In this respect, fractals are going toward the design of a new generation of compact RF and microwave passive networks for wireless devices. Any wireless system relies on what is called the RF front-end stage which includes antennas, filters and diplexers, along with other passive elements such as capacitors, inductors and resistors. There is no problem whether the system is as influential as a cellular base-station, as sensitive as a super conducting satellite receiver or as small as a system-on-chip wireless device, the compactness and integration of such a front-end becomes always a key issue in terms of performance, robustness, packaging and cost. Fractal technology has been already applied in the miniaturization of another essential part of the wireless front-end. Compact fractal antennas for handsets, PDAs, cellular base-stations and high-speed data applications have been used in every small corner of the wireless world. The size compression and multiband qualifications of fractals allow well-organized, broadband and multi-purpose devices to be packed in places that were at length unreachable due to size, weight, or appearance constraints. Based on an analogous principle to filter and antenna miniaturization capabilities, fractal technology has been recently proven to become the most efficient way in packaging RF and microwave networks as well [4], [5].

On the other hand, microstrip bandpass and bandstop filters have developed rapidly and have led to spectacular demands for lower cost products with compact sizes and strong communication capabilities.
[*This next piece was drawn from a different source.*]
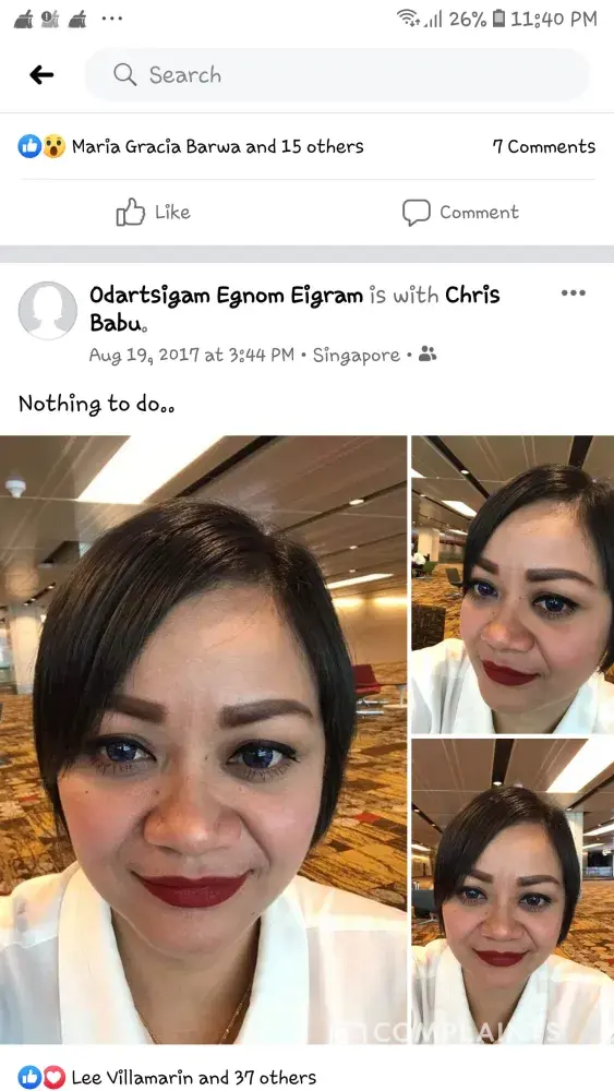 Kindly check your staffs/employees credibility. There are more deserving people to choose. I am writing this complain regarding your staff. MARGIE MAGISTRADO. Doing illegal things and extort money from her Singaporean Friend. She is a prostitute. And check her diploma if theres any. Even secondary highscholl she didnt finish it. Only elementary. How come she passed to changis requirements? If that was so easy to hire an illegal person. How come chnagi rated best airline?

In a microwave communication system, the bandpass filter (BPF) and bandstop filter (BSF) are essential components that are typically adopted in the transmitter and receiver system [6], [7]. One of the pioneers in the use of Hilbert fractal filter designs is Barra [8]. His work is focused on miniaturized superconducting filters using resonators based on Hilbert and Minkowski fractal layouts. He explored the miniaturization levels achievable by these resonators, with emphasize on the parameters which allow obtaining a good trade-off between compact size and losses. Several prototypes of four pole filters, with Chebychev and quasi elliptic responses, have been designed and fabricated. Microstrip lowpass filter operating within L-band application has been employed by making a slot in the ground plane in the form of Hilbert curve using defected ground structure (DGS) method as in [9]. The DGS structure has a flat lowpass characteristic and a sharp band-gap property compared to the conventional dumbbell DGS. In order to enhance the out-band suppression, an improved Hilbert fractal curve ring DGS cell model loaded with open-stubs was proposed. Based on the improved model, a compact L-band microstrip low-pass filter with periodic DGS was designed and studied. Typical and simplified cross-coupled spiral resonators with Hilbert configurations have been stated in [10] for a large coupling coefficient with comparison between each other. All of designs introduced in [10] have low insertion loss, high out-of-band rejection level and wider band frequency responses. Moreover, surface current distributions simulated by IE3D EM software package have been used to analyze the coupling regions in spiral and Hilbert configurations.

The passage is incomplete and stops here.